▶ [Work order]:
Copy the listing exactly, leaving out every picture.

▶ [Available data]:
★ ★ ★

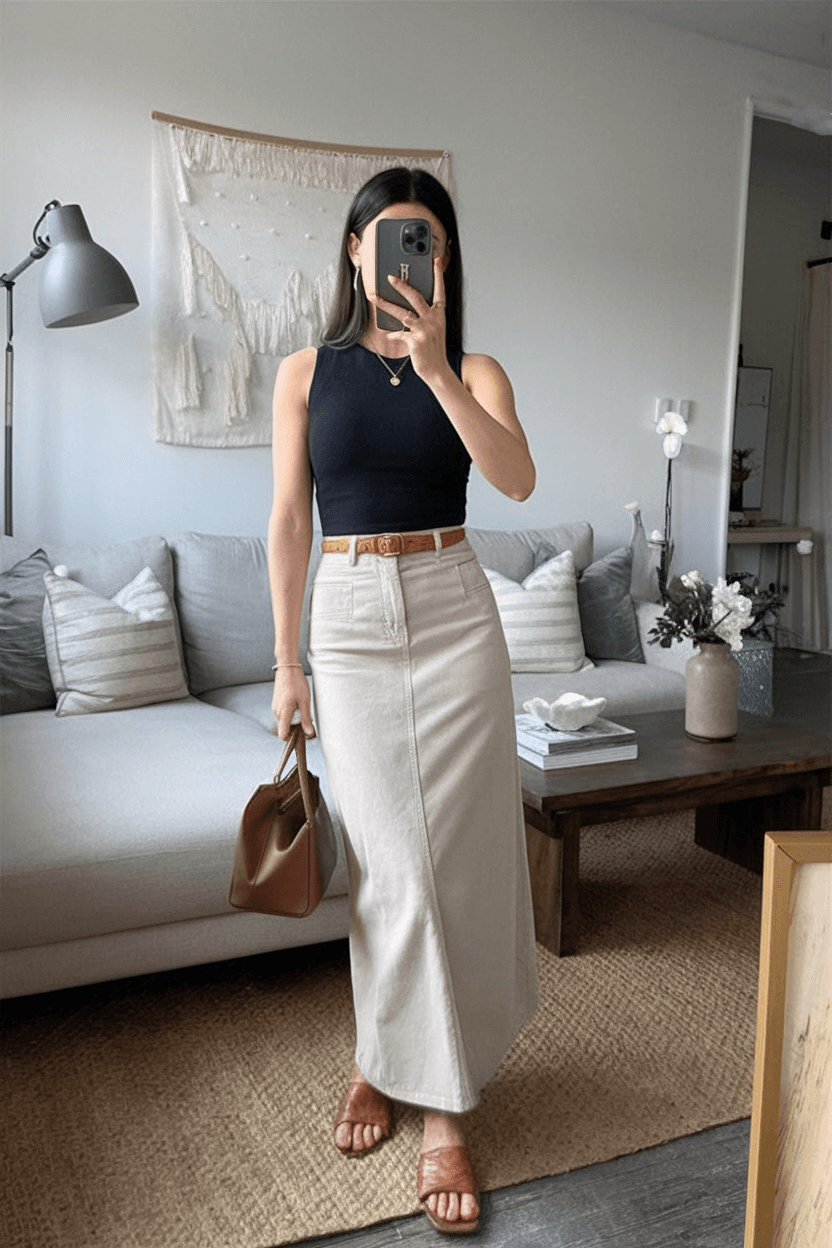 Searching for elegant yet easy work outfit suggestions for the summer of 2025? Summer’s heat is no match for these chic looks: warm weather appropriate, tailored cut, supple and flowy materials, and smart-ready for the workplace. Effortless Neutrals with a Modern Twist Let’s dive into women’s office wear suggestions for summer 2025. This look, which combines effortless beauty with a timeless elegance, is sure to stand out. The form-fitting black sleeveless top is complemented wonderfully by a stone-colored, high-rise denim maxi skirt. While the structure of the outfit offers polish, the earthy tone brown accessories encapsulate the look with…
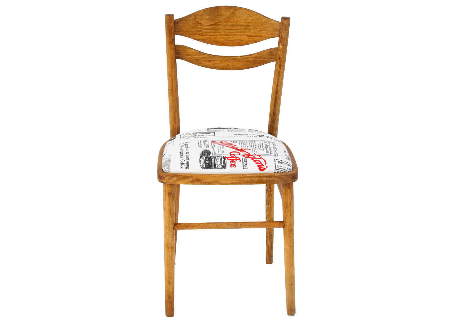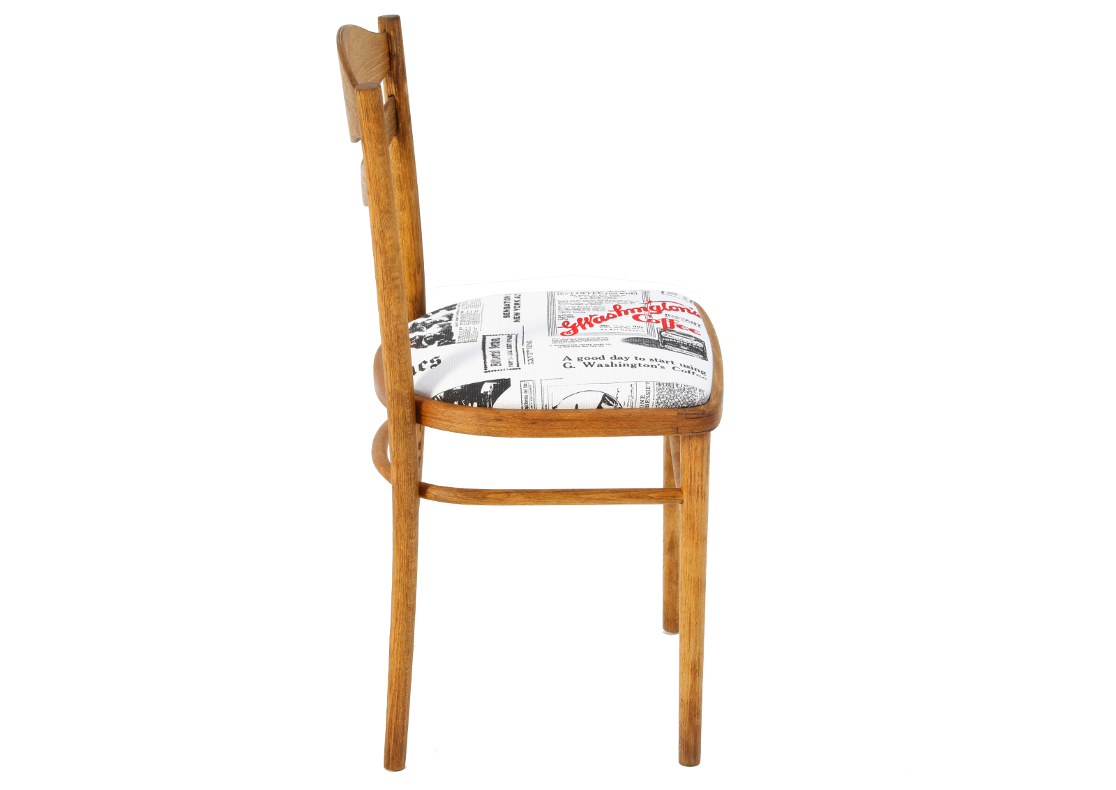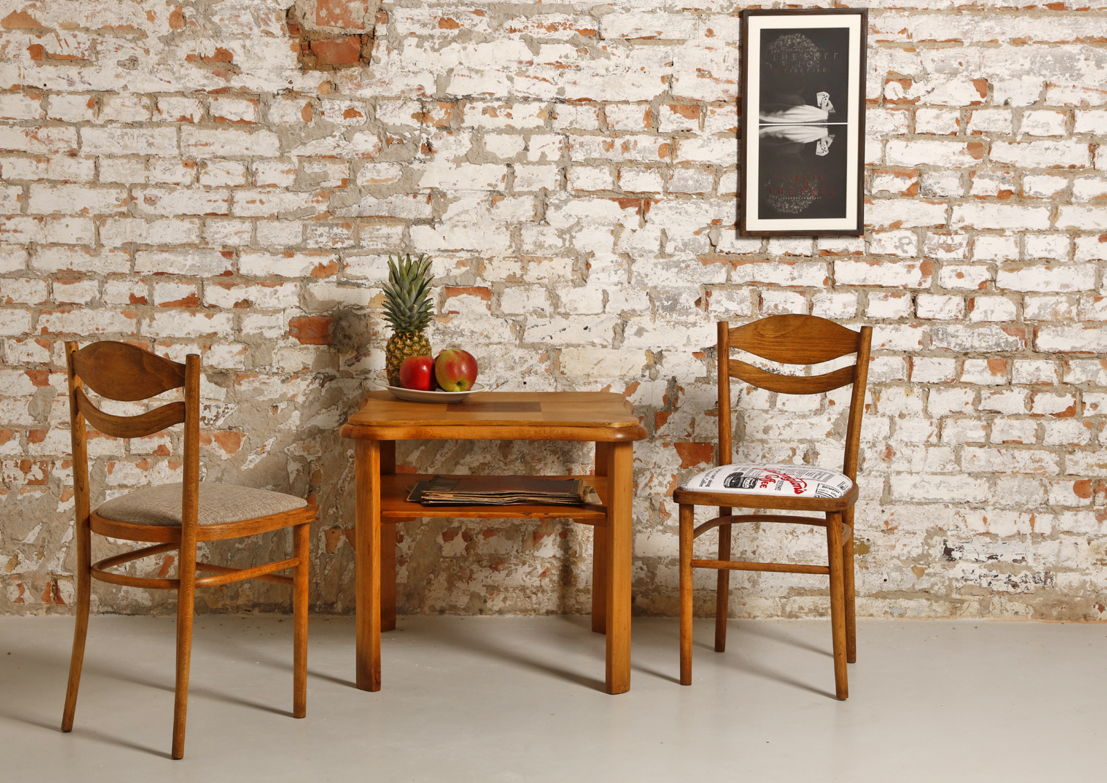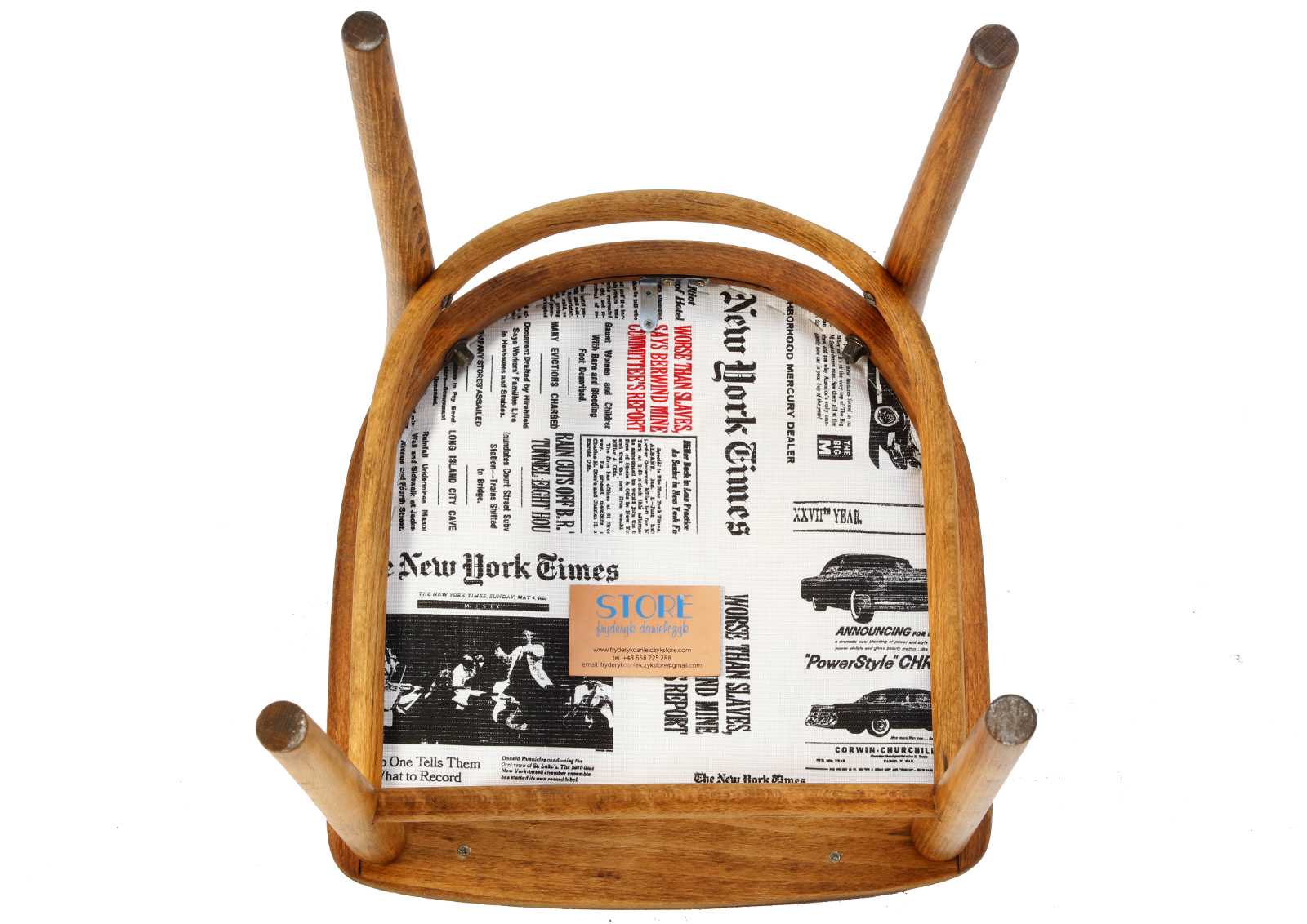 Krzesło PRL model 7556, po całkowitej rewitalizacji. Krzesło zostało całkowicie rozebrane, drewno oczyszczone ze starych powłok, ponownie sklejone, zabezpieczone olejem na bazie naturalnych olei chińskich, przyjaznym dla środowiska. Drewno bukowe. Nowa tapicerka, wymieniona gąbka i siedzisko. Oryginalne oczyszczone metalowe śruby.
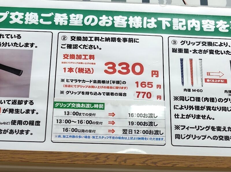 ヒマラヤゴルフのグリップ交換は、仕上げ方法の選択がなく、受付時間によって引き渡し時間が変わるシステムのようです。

★ ★ ★

▶ [Task solution]:
 Searching for elegant yet easy work outfit suggestions for the summer of 2025? Summer’s heat is no match for these chic looks: warm weather appropriate, tailored cut, supple and flowy materials, and smart-ready for the workplace. Effortless Neutrals with a Modern Twist Let’s dive into women’s office wear suggestions for summer 2025. This look, which combines effortless beauty with a timeless elegance, is sure to stand out. The form-fitting black sleeveless top is complemented wonderfully by a stone-colored, high-rise denim maxi skirt. While the structure of the outfit offers polish, the earthy tone brown accessories encapsulate the look with…
 Krzesło PRL model 7556, po całkowitej rewitalizacji. Krzesło zostało całkowicie rozebrane, drewno oczyszczone ze starych powłok, ponownie sklejone, zabezpieczone olejem na bazie naturalnych olei chińskich, przyjaznym dla środowiska. Drewno bukowe. Nowa tapicerka, wymieniona gąbka i siedzisko. Oryginalne oczyszczone metalowe śruby.
 ヒマラヤゴルフのグリップ交換は、仕上げ方法の選択がなく、受付時間によって引き渡し時間が変わるシステムのようです。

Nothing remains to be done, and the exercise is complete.